Soldiers test new terrain
RODRIGUEZ RANGE, South Korea — While a group of Hawaii-based soldiers may have left the sun and surf back in Honolulu for the frosty mountains of South Korea, they said they were thrilled with the training ranges they found just south of the Demilitarized Zone separating the Koreas.
About 50 soldiers — and four of their Stryker armored vehicles — from the 1st Battalion, 27th Infantry Regiment, 25th Infantry Division arrived in South Korea on March 18 for the annual Reception, Staging, Onward Movement and Integration/Foal Eagle exercises.
The RSOI portion tests the military’s ability to bring warfighters to the peninsula, and the Stryker brigade helped illustrate the multi-service aspect of the training.
The soldiers loaded their vehicles onto an Air Force C-17 and flew into Daegu, South Korea. From there, the Strykers were loaded onto contracted flatbed trucks and were delivered to the Rodriguez Range.
“It’s really a test to see how quickly we could mobilize,” said 2nd platoon leader 1st Lt. Dustin Lujan.
While in South Korea, Maj. Adelaido Godinez said, his soldiers fall under operational command of the 2nd Infantry Division.
In Hawaii, the soldiers must travel from Oahu’s Schofield Barracks to Pohakuloa Training Area on the big island of Hawaii to conduct much of their training.
That’s why they were happy to find the “wide-open ranges and great terrain” in South Korea.
The soldiers said they were very impressed with the support they received from the 16th Korean Service Corps workers who run range operations.
Kim Yong-un, one of the KSC workers, said he was more than happy to do what he could to make the exercise as effective as possible.
“We do everything,” he said.
That included constructing a plywood “shoot house” the soldiers wanted to use to practice clearing buildings and wooden frames from which to hang targets for individual weapons drills.
“They’re building stuff, they’re moving stuff,” said the brigade’s master gunner, Sgt. 1st Class Sean Wussen of the KSC work. “We’re setting up a pretty good lane” to train on.
And with only a limited time on the range, “we’re working it overtime,” Wussen said.
The armored 21-ton Strykers allow commanders to deliver soldiers as close as possible to the fight and that’s what they focused on during this training.

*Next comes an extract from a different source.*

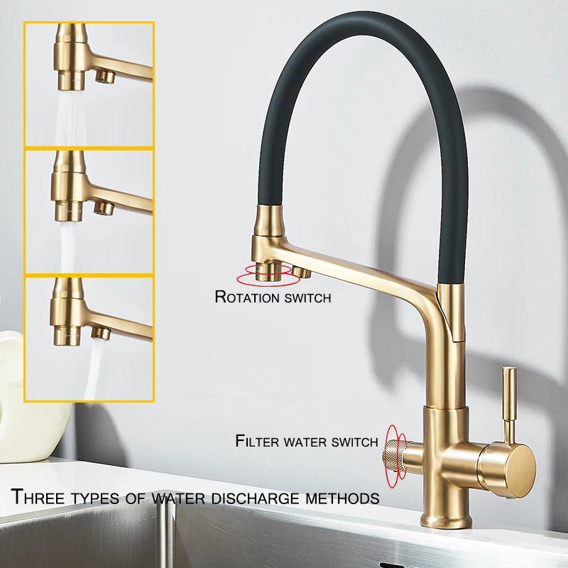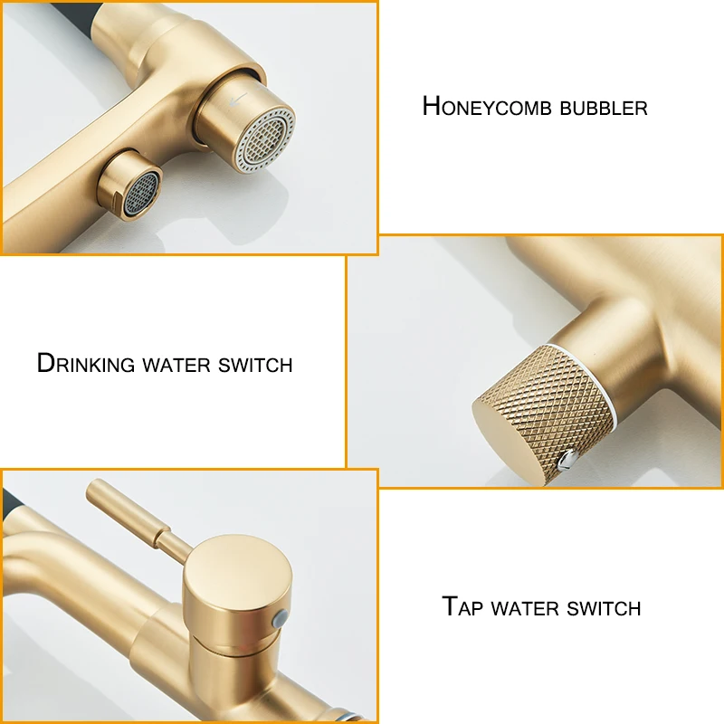Drinking Water Kitchen Faucet Pull Down Sprayer 360 Rotate Mixer Tap Deck Mount Filtered Water Tap Hot Cold Water Crane

And that mission is important, said Sgt. Dusty Lamborn, a vehicle commander.
“The less they have to bound out in the open, the closer we can get them to the building, the more chance of survivability,” Lamborn said of the soldiers he transports.
The Strykers are crewed by two solders — the vehicle commander and a driver. The commander controls the vehicle’s main weapon: either a .50 caliber machine gun or an MK-19 40mm grenade launcher.